▶ [Data below]:
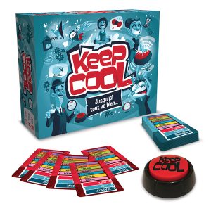 Déjà en partant, un jeu qui demande de frapper sur un gros « buzzer » rouge à la fin de notre tour, c’est vraiment gagnant! Dans Keep Cool, chaque joueur à une série de mots à faire deviner. À notre tour, nous devons dire qu’un seul mot. Soit un indice pour notre voisin de gauche qui doit deviner nos mots, soit une tentative de réponse pour deviner l’un des mots de notre voisin de droite. Le « hic », c’est qu’on ne peut pas dire notre mot correspond à quoi. C’est donc la confusion totale entre indices et réponses. C’est chaotique et vraiment très drôle comme jeu!
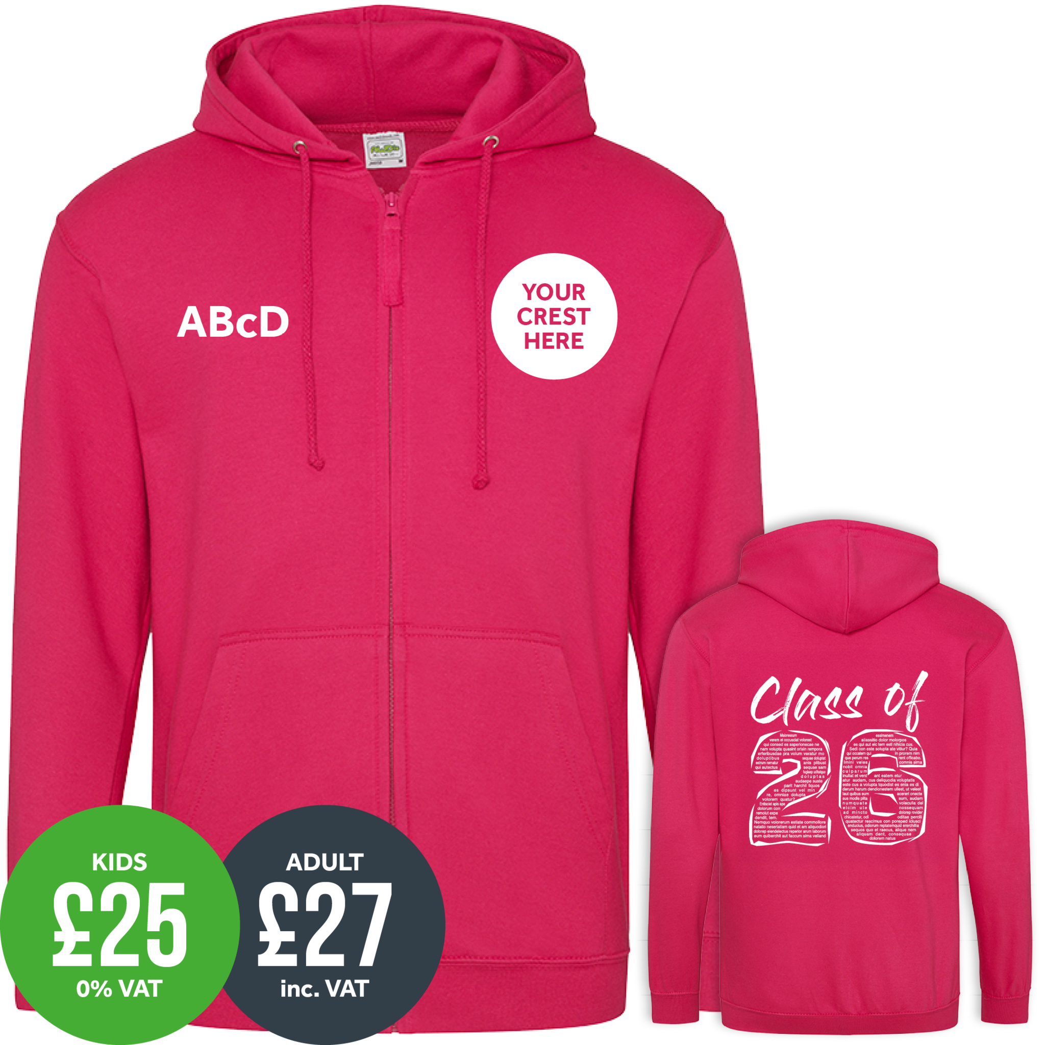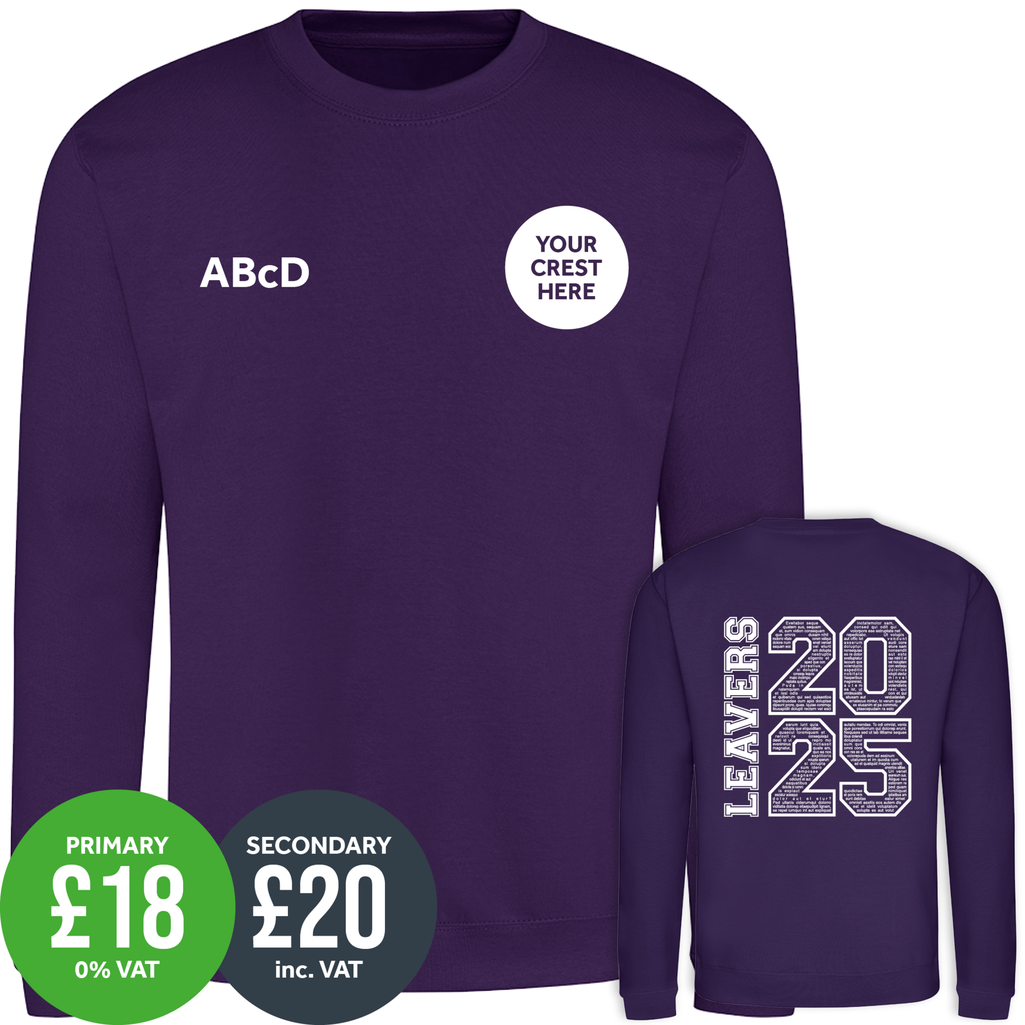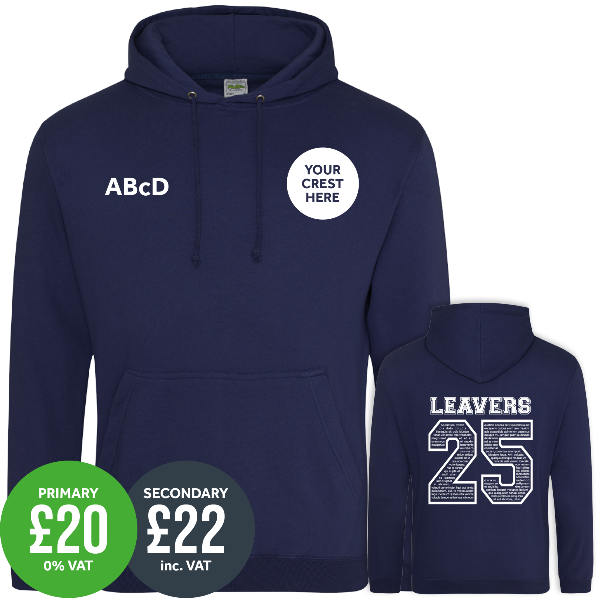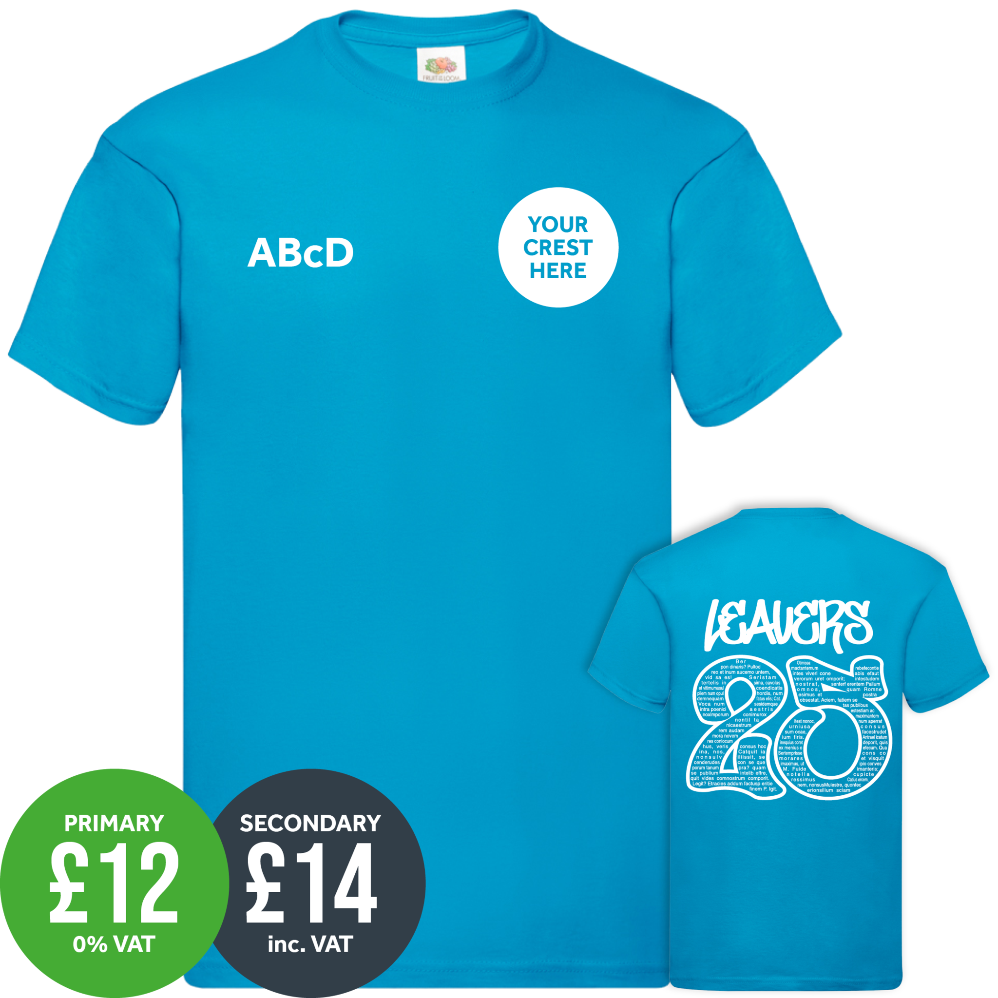 All t-shirts will come preprinted with your school logo and Leavers design.
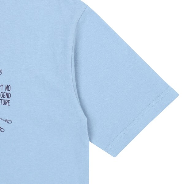 블루 컬러에 빈티지한 나염이 포인트인 반팔 티셔츠입니다.

▶ [Work to be completed]:
Apart from the pictures, all of the data should be repeated exactly.

▶ [Result of this task]:
 Déjà en partant, un jeu qui demande de frapper sur un gros « buzzer » rouge à la fin de notre tour, c’est vraiment gagnant! Dans Keep Cool, chaque joueur à une série de mots à faire deviner. À notre tour, nous devons dire qu’un seul mot. Soit un indice pour notre voisin de gauche qui doit deviner nos mots, soit une tentative de réponse pour deviner l’un des mots de notre voisin de droite. Le « hic », c’est qu’on ne peut pas dire notre mot correspond à quoi. C’est donc la confusion totale entre indices et réponses. C’est chaotique et vraiment très drôle comme jeu!
 All t-shirts will come preprinted with your school logo and Leavers design.
 블루 컬러에 빈티지한 나염이 포인트인 반팔 티셔츠입니다.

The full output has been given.